BOLT mitigates this downside through the use of a further set of layout-focused profiling info to re-organize features and knowledge. For the needs of rushing up rustc we profiled libLLVM, libstd, and librustc_driver, that are the compiler’s major dependencies. These libraries are then BOLT optimized utilizing the next choices:
--peepholes=all
--data=<path-to-profile>
--reorder-blocks=ext-tsp
–-reorder-functions=hfsort
--split-functions
--split-all-cold
--split-eh
--dyno-stats
Any extra libraries matching lib/*.so are optimized with out profiles utilizing solely –peepholes=all.
Making use of BOLT to our toolchain produces a speedup over the baseline compiler of ~24.7% at a dimension enhance of ~10.9%. This can be a speedup of ~6.1% over the PGOed compiler with out BOLT.

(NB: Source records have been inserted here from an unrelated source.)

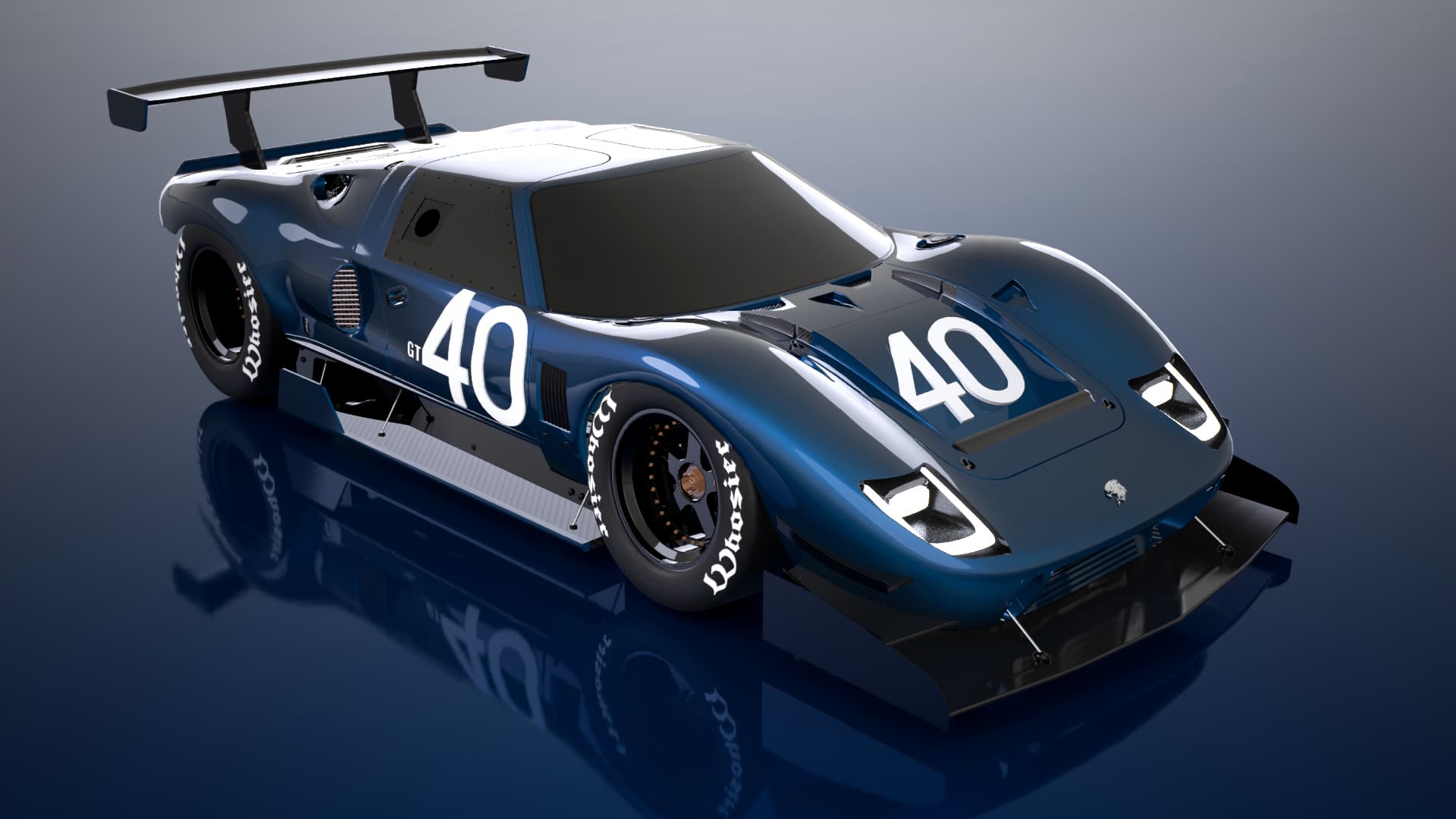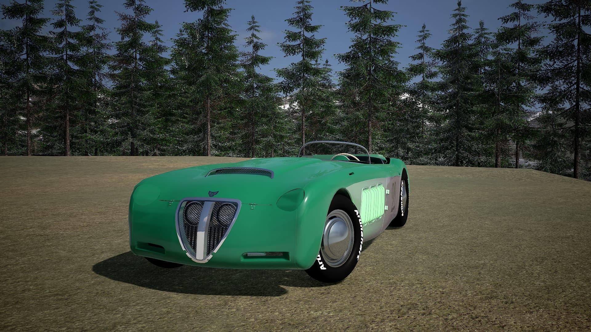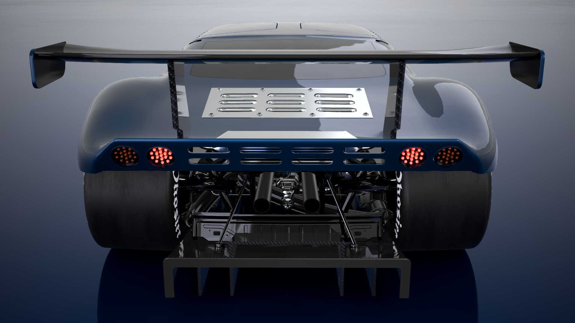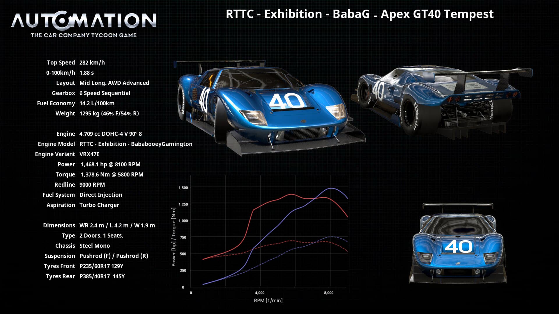 Here is my second entry, the Apex GT40 Tempest. The design is based around the MK1 GT40, and I tried to keep as much of the original V8 as possible. However, this is not a tribute car, it is in all ways a track weapon. The chassis, panels and wheels are all carbon, the 4.7l engine got a twin turbo upgrade and lighter parts and is tuned to over 1400hp. Also, to be competitive an AWD system, electric steering and advanced aero features were introduced. It absolutely demolished the Pike’s Peak record, with a time of 4:37.556 (after using the race calculator).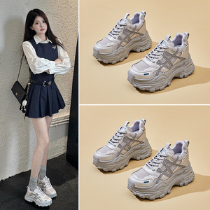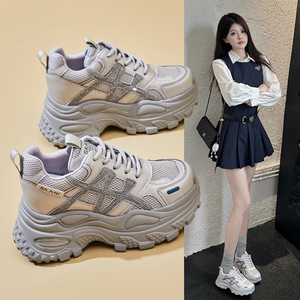 小个子增高休闲鞋百搭厚底运动鞋水钻秋季新款老爹鞋2025拼色女鞋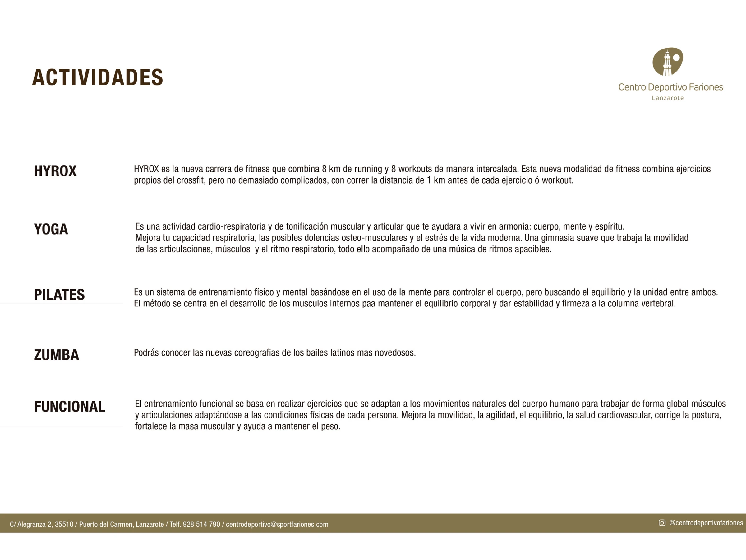 LE PRIX COMPREND L'ACCÈS AU CENTRE SPORTIF DES FARIONES AVEC PISCINE CHAUFFÉE, GYMNASE, SAUNA ET ACTIVITÉS SUPERVISÉES.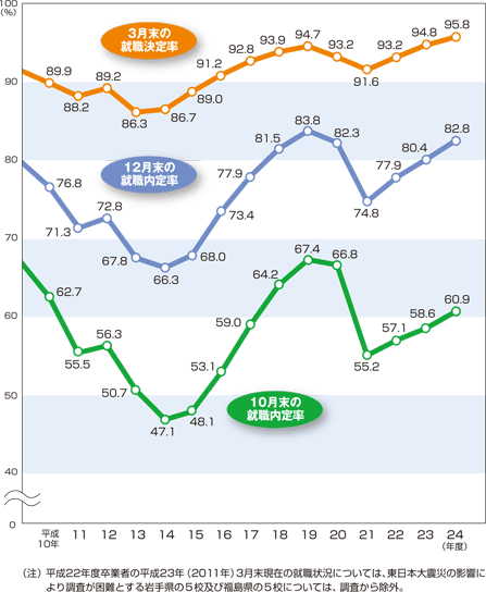 | 調査時期: | 各年の10月末現在、12月末現在、翌年3月(卒業月)末現在 |

In case you are concerned with utilizing BOLT in your personal challenge/construct I supply these two bits of recommendation: 1) you’ll have to emit extra relocation info into your binaries utilizing the -Wl,–emit-relocs linker argument and a pair of) use the identical enter library when invoking BOLT to supply the instrumented and the optimized variations.
Conclusion
By compiling as a single code era unit, rubbish gathering our knowledge objects, performing each link-time and profile-guided optimizations, and leveraging the BOLT software we had been in a position to pace up the time it takes to compile the Rust elements of Android by 24.8%. For each 50k Android builds per day run in our CI infrastructure we save ~10K hours of serial execution.
Our business isn’t one to face nonetheless and there’ll absolutely be one other software and one other set of profiles in want of gathering within the close to future. Till then we’ll proceed making incremental enhancements looking for extra efficiency. Glad coding!